**THE TASK:** Repeat the listing below exactly. Pictures do not belong in the copy.

**EXERCISE DATA:**
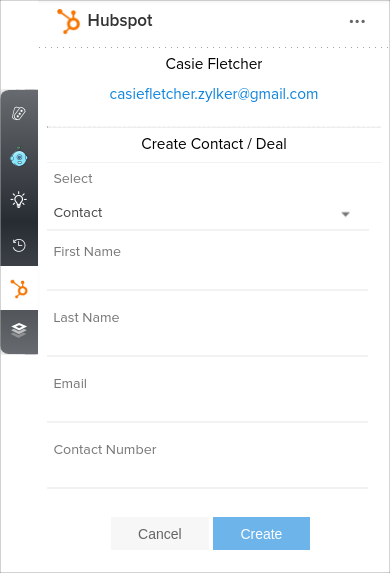 2. [Create Contact](連絡先の作成)ボタンをクリックして、顧客の詳細情報をHubSpotに追加します。
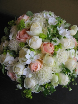 ↓バラ「ウェディングドレス」、トルコギキョウ、カーネーション、
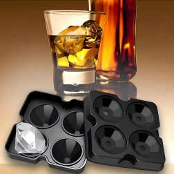 Lav effektfulde isdiamanter med denne praktiske XL-silikoneform til 4 stk. Den er holdbar, fleksibel og nem at få ud, så isen hverken knækker eller brækker. Perfekt til whisky, cocktails og alkoholfrie drinks, men også til chokolade og gelé. Materialet er fødevaregodkendt, og formen er egnet til fryser, ovn og opvaskemaskine.

**RESPONSE TO THIS EXERCISE:**
 2. [Create Contact](連絡先の作成)ボタンをクリックして、顧客の詳細情報をHubSpotに追加します。
 ↓バラ「ウェディングドレス」、トルコギキョウ、カーネーション、
 Lav effektfulde isdiamanter med denne praktiske XL-silikoneform til 4 stk. Den er holdbar, fleksibel og nem at få ud, så isen hverken knækker eller brækker. Perfekt til whisky, cocktails og alkoholfrie drinks, men også til chokolade og gelé. Materialet er fødevaregodkendt, og formen er egnet til fryser, ovn og opvaskemaskine.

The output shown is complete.